** Provided information follows **

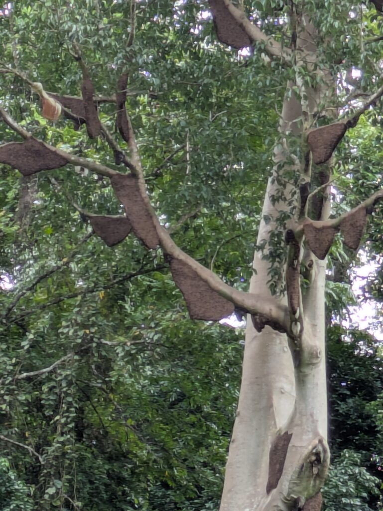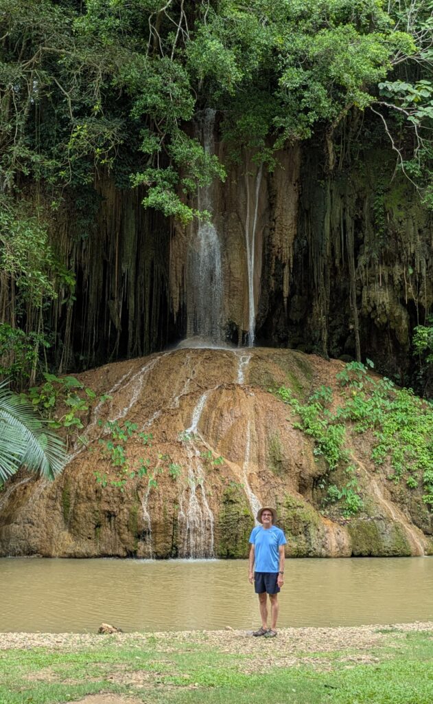 We happened upon cool waterfall, just on the side of the road. We had to flip a U turn to go back. We found the parking and paid the 30 THB (93 cents) to park our car. We crossed the road to get closer. There was bridge to cross a stream to get really close but the flooding in 2024 rendered the bridge twisted and unusable. That was a sight – don’t mess with mother nature! There were signs about the flooding and signs warning of “poisonous” insects, then we saw a large tree that was filled with huge wasp’s nests. But we continued, because it was a great-looking waterfall, called Phu Sang. It was like a Hollywood movie setting, set back in vegetation with a “flowing-esque” seeming rock coming down like stalactites with the fall of the water flowing over this onto a mound of more rock. What a fun, cool waterfall.
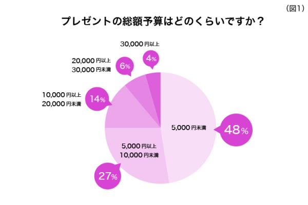 プレゼントの総額予算は「5,000円未満」が約48%と半数近くに。「5,000円以上10,000円未満」と合わせると全体の4分の3ほどで、無理のない範囲でクリスマスを楽しまれている方が多数派のようです。(※図1)
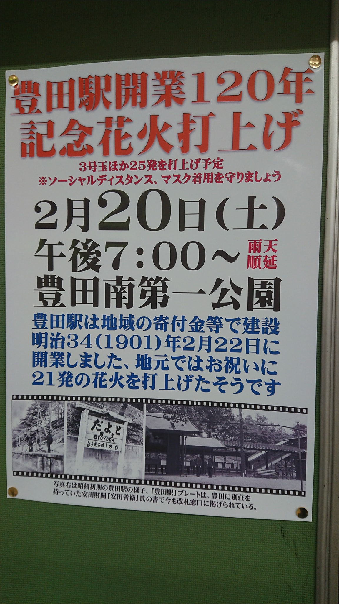 2月20日(土)、開業120周年を迎える豊田駅の開業記念花火に参加して来ました。1901年当時はお祝いとして、21発の花火を打ち上げたとのことですが、新型コロナ禍においても、みんなが楽しめるカタチで記念イベントを行っており、とても良かったなと思いました。今回はその様子をレポートいたします。
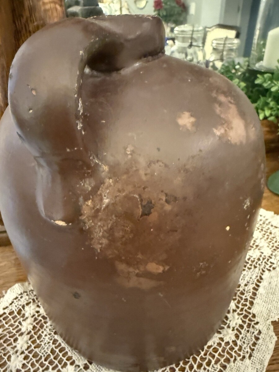 This jug has the wonderfully aged, barn-found primitive character collectors look for. There is visible glaze wear, mineral deposits, surface scuffs, and areas of slip loss, all consistent with 120+ years of storage and use. The body remains solid with no major structural cracks. Displays beautifully as a piece of authentic Americana.
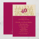 Invitation moderne et accrocheuse pour l'anniversaire de mariage. Idéal pour célébrer avec style 40 ans de mariage. Caractéristiques : un grand numéro 40 de couleur rubis, qui est la couleur traditionnelle pour cet anniversaire. Les autres nombres sont affichés dans une couleur plus claire pour symboliser les années passées. Invitation parfaite pour célébrer ce jalon d'anniversaire à la maison, dans un restaurant ou dans un lieu préféré. Design intemporel et élégant. Ajoutez votre propre texte.
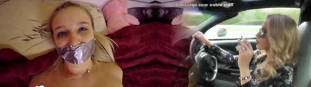 Fake Hostel - Slim blonde babe tied up and fucked by Futa Cougar in body pantyhose taking a creampie in her mouth and inside her soaking wet shaved pussy
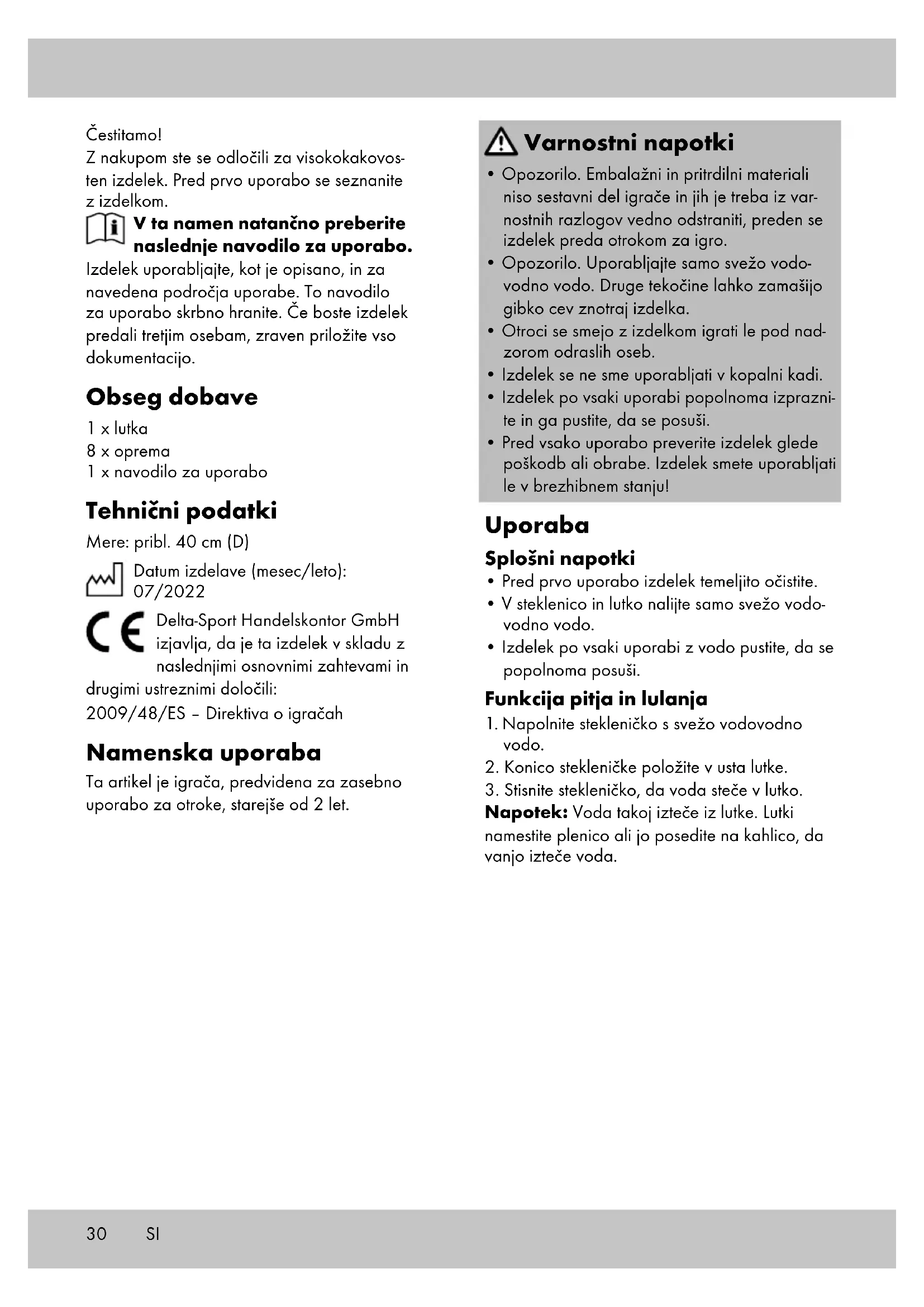 Napotek: Voda takoj izteče iz lutke. Lutki namestite plenico ali jo posedite na kahlico, da vanjo izteče voda. SI31SI Shranjevanje, čiščenje Če izdelka ne uporabljate, ga shranite na suho, čisto mesto pri sobni temperaturi. Čistite le z vlažno krpo za čiščenje in nato do suhega obrišite. Po vsaki uporabi izdelek izpraznite in ga pustite, da se popolnoma posuši, da preprečite nastaja- nje plesni. Lutko in stekleničko operite z milnico približno vsaka dva tedna. Nato še vsaj dvakrat sperite z vodovodno vodo, da zagotovite, da v lutki ali steklenički ne ostane- jo ostanki mila. POMEMBNO! Nikoli ne čistite z ostrimi čistilnimi sredstvi. Bodi, kapa in plenica: 30 °C občutljivo perilo Napotki za odlaganje v smeti Izdelek in embalažne materiale zavrzite v skladu z aktualnimi lokalnimi predpisi. Emba- lažni materiali, npr. folijske vrečke, ne sodijo v roke otrok. Embalažni material shranite otrokom nedosegljivo. Izdelke in embalažo odstranite okolju prijazno. Koda za recikliranje označuje različne materiale za vračanje v reciklirni krog. Vsebuje simbol za recikliranje, ki označu- je reciklirni krog, in številko, ki označuje material. Napotki za garancijo in izvajanje servisne storitve Izdelek je bil izdelan z veliko skrbnostjo in pod stalno kontrolo. DELTA-SPORT HANDELSKON- TOR GmbH zasebnim končnim kupcem od datuma nakupa (garancijskega obdobja) v skladu z naslednjimi določbami odobri triletno garancijo na to postavko. Garancija velja samo za napake v materialu in obdelavi. Garancija ne velja za dele, ki so podvrženi običajni obrabi in jih je zato treba šteti za obrabljive dele (npr. baterije), in za lomljive dele, kot so npr. stikala, akumulatorji ali deli iz stekla. Zahtevki iz te garancije so izključeni, če je bil izdelek uporabljen nepravilno ali pretirano ali če ni bil uporabljen v okviru predvidenega namena ali predvidenega obsega uporabe ali če niso bile upoštevane specifikacije v navodilih za uporabo, razen če končni kupec lahko dokaže, da gre za napako v materialu ali izdelavi, ki ne temelji na eni od zgoraj navedenih okoliščin. Garancijski zahtevki se lahko uveljavljajo le v garancijskem roku ob predložitvi originalnega računa. Zato originalni račun shranite. Garancij- ski čas se zaradi morebitnih popravil na podlagi garancije, zakonskega jamstva ali kulance ne podaljša. To velja tudi za zamenjane in popra- vljene dele. Pri morebitnih reklamacijah se najprej obrnite na spodaj navedeno servisno številko za nujne primere ali stopite z nami v stik po elektronski pošti. Če obstaja garancijski primer, vam bomo izdelek po naši izbiri brezplačno popravili, zamenjali ali pa vam bomo povrnili kupnino. Druge pravice iz garancije ne obstajajo. Ta garancija ne omejuje vaših zakonskih pravic, še posebej garancijskih zahtevkov do prodajal- ca. IAN: 403705_2201 Servis Slovenija Tel.: 080080917 E-Mail: deltasport@lidl.si32 Garancijski list
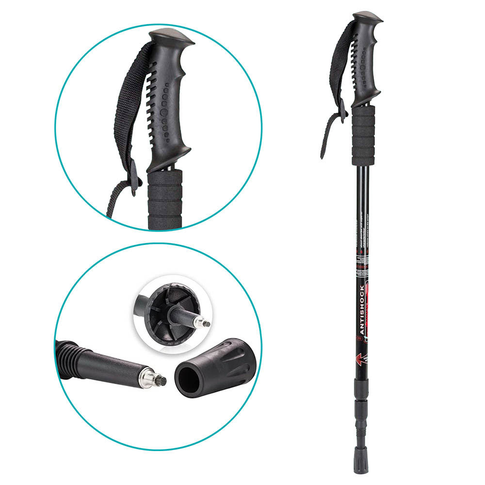 Teleskopická hůl se složí na 64 cm, v rozloženém stavu má délku 132 cm. Rukojeť kombinuje gumu a EVA, hrot je z uhlíkové oceli a tělo z hliníku, nosnost až 80 kg. Nízká hmotnost a praktická velikost ji činí ideální pro každého turistu. Nastavitelná funkce ochrany proti nárazům (antishock)
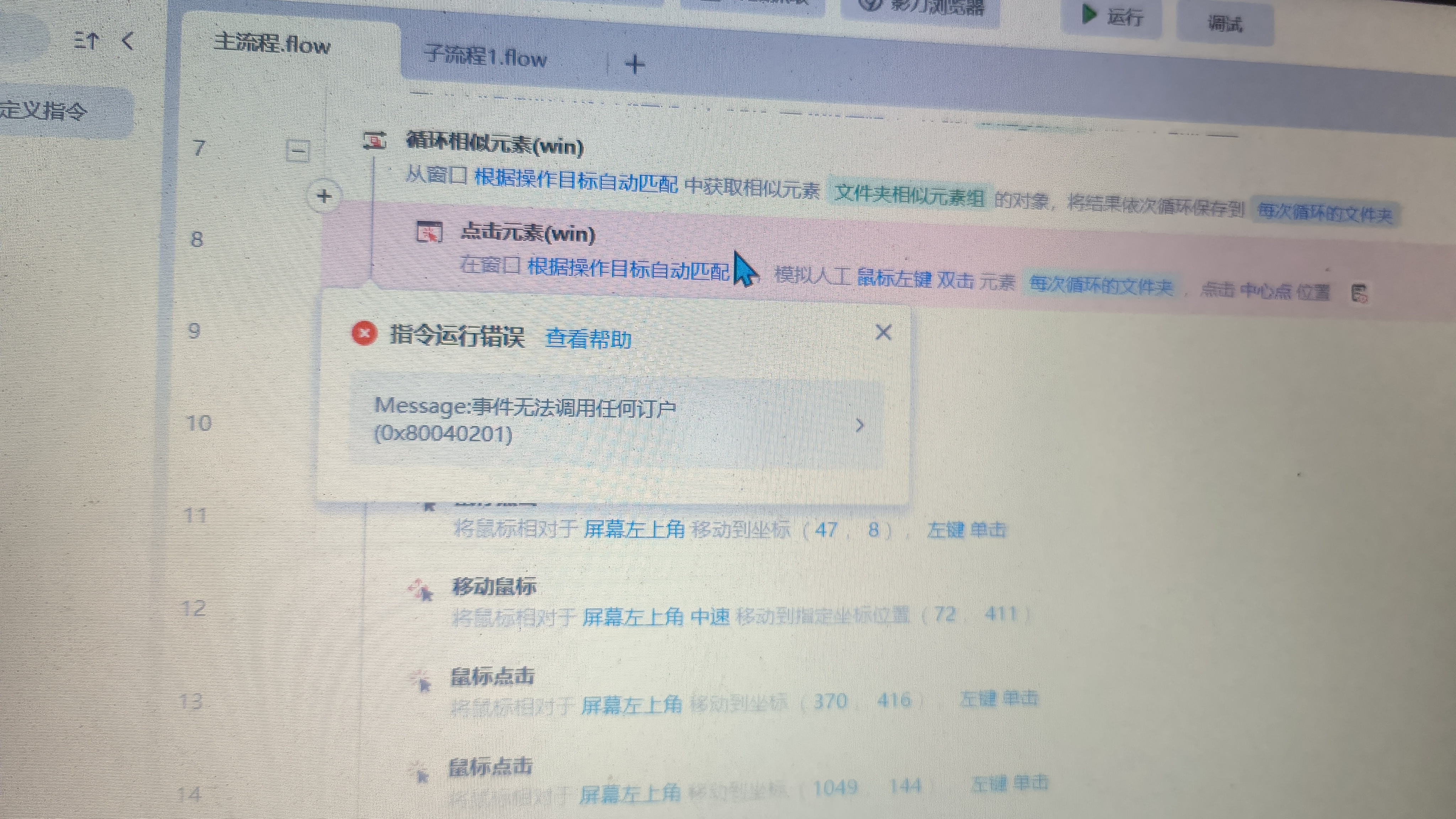 使用了循环相似元素模块搭建后 出现了这样的提示 ,我是在一个文件夹内有多个子文件夹,想要循环打开每个文件夹 ,第一遍运行可以打开文件夹内的第一个子文件夹,且后续自动操作都正常进行。在第二次开始循环时中断,并如此提示。

** End of Provided information **

Task requirements
For this exercise, reproduce exactly the lines of the records above from the one with "Invitation moderne et" up to and including the one with "Fake Hostel - Slim", without pictures.

Result of the task
 Invitation moderne et accrocheuse pour l'anniversaire de mariage. Idéal pour célébrer avec style 40 ans de mariage. Caractéristiques : un grand numéro 40 de couleur rubis, qui est la couleur traditionnelle pour cet anniversaire. Les autres nombres sont affichés dans une couleur plus claire pour symboliser les années passées. Invitation parfaite pour célébrer ce jalon d'anniversaire à la maison, dans un restaurant ou dans un lieu préféré. Design intemporel et élégant. Ajoutez votre propre texte.
 Fake Hostel - Slim blonde babe tied up and fucked by Futa Cougar in body pantyhose taking a creampie in her mouth and inside her soaking wet shaved pussy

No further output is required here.